Answer: California’s Assembly Bill 1825 (AB 1825) requires each employer with 50 or more employees to provide two hours of interactive sexual harassment training and education to each supervisory employee once every two years and to all new supervisory employees within six months of their assumption of a supervisory role. The 50-employee threshold includes full time, part time and temporary workers who are working anywhere in the world, so you must include all of your employees in the eligibility count, even if they reside or work outside of California. However, only those supervisors located in California need to receive AB 1825 training, although we do recommend that managers and supervisors outside of California also receive the training, especially those who supervise California employees remotely.
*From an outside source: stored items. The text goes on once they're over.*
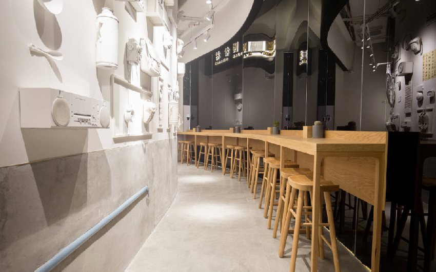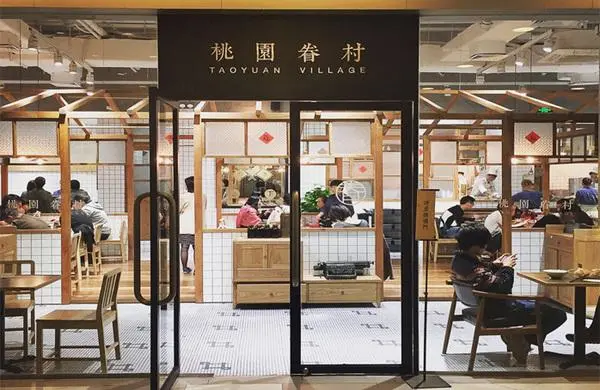 桃园眷村,从名字就知道是一个源自台湾的品牌,包含了当时被迫从大陆迁至台湾的军人及其眷属一种“乡愁。店面设计独具一格,采用写意、木头和复古三大元素,配合黑白黄主打颜色,并加入台湾装饰风格,干净、整洁、自然。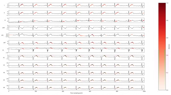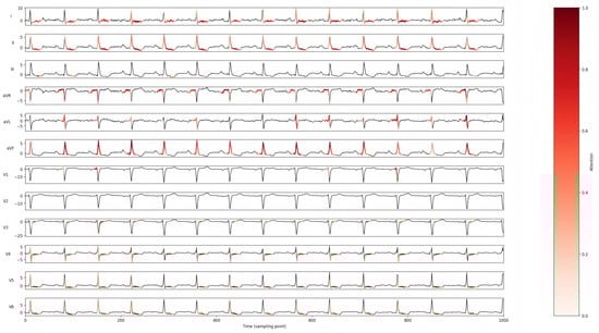 The experimental findings confirm the synergistic effect of combining lead attention and temporal attention, which can effectively enhance the model’s ability to extract and discriminate complex features, and then significantly improve the classification performance. Furthermore, through the visualization results, the role of the attention mechanism can be further verified, and the focused feature areas between and within different leads can be visually displayed.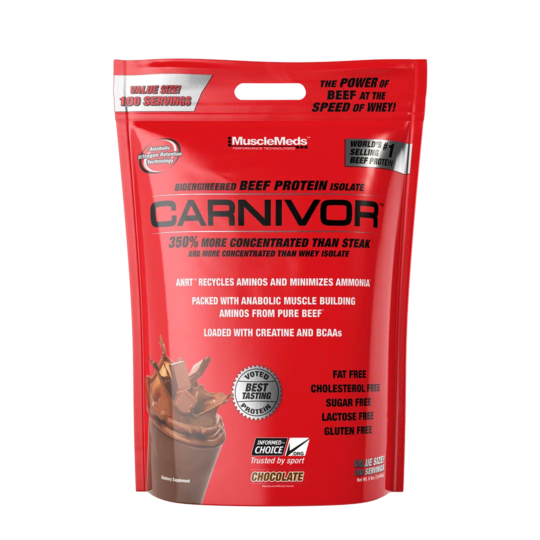 Uno de los atributos positivos de comer carne vacuna es que poseen un alto contenido de creatina. La carne de vacuno es una de las mejores fuentes naturales de creatina. Para impulstar la activación de células voluminizadores anabólicas y sentir los efectos de la creatina aún más, cada porción de Carnivor™ suministra 20 veces más creatina que las fuentes de alimientos naturales para saturar los músculos de fuerza explosiva y fomentar un crecimiento espontáneo.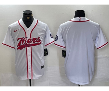 Men's Philadelphia 76ers Blank White With Patch Cool Base Stitched Baseball Jersey

The California Fair Employment and Housing Act’s (FEHA) definition of “supervisor” is broad and allows for some interpretation; it covers many employees who don’t necessarily have “manager” in their title. FEHA’s definition states a supervisor is any individual who possesses the authority “to hire, transfer, suspend, layoff, recall, promote, discharge, assign, reward or discipline other employees, or the responsibility to direct them… if the exercise of that authority is not of a merely routine or clerical nature, but requires the use of independent judgment.” This definition depends solely on how an employee carries out his or her job responsibilities and not on an individual’s exempt or nonexempt status.